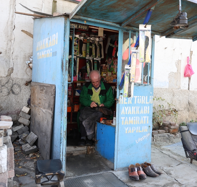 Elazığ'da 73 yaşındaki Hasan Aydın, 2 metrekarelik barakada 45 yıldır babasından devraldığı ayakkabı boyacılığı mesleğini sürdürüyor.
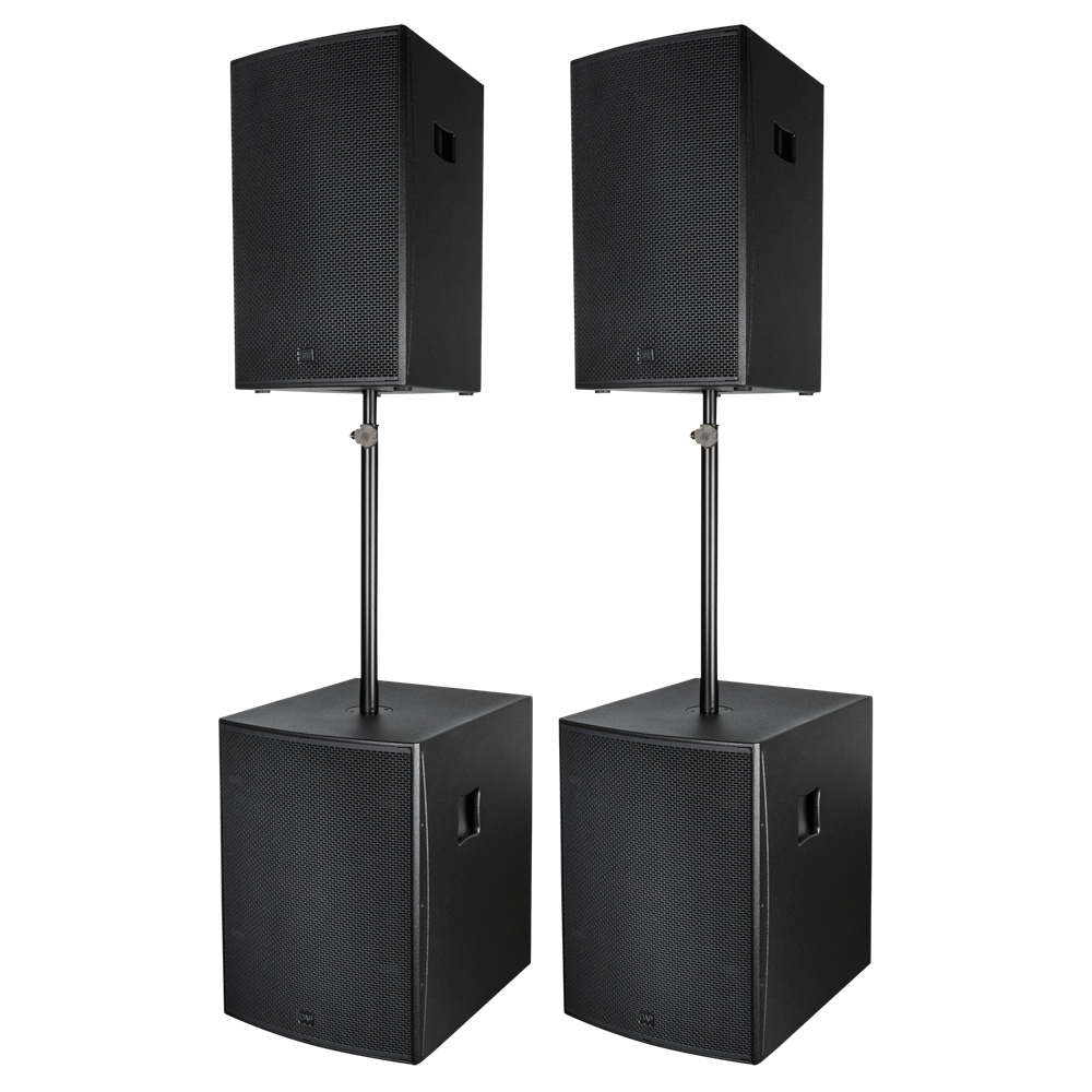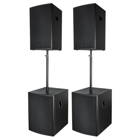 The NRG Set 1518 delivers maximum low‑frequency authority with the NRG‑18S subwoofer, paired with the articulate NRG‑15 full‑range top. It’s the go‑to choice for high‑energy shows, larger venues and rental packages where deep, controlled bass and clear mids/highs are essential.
...
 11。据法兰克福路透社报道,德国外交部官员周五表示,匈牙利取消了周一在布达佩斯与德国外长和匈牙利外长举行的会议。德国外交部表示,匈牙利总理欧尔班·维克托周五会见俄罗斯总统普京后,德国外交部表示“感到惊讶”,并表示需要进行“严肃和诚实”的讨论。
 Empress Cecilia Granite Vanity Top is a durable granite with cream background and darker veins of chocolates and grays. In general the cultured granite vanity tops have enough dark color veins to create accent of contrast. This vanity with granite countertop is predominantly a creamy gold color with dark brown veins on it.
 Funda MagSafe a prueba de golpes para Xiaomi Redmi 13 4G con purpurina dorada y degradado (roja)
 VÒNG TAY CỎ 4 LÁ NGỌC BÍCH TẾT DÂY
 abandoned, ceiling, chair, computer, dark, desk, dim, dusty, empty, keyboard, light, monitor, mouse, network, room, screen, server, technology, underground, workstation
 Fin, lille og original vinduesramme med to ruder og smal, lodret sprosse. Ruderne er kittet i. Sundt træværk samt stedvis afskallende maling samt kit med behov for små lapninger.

_Task description_
Taking the listing above as the source, transcribe only the lines starting at the line with "technology, underground, workstation" and going through the line with "Fin, lille og", unaltered and with both ends included.

_Finished task_
 abandoned, ceiling, chair, computer, dark, desk, dim, dusty, empty, keyboard, light, monitor, mouse, network, room, screen, server, technology, underground, workstation
 Fin, lille og original vinduesramme med to ruder og smal, lodret sprosse. Ruderne er kittet i. Sundt træværk samt stedvis afskallende maling samt kit med behov for små lapninger.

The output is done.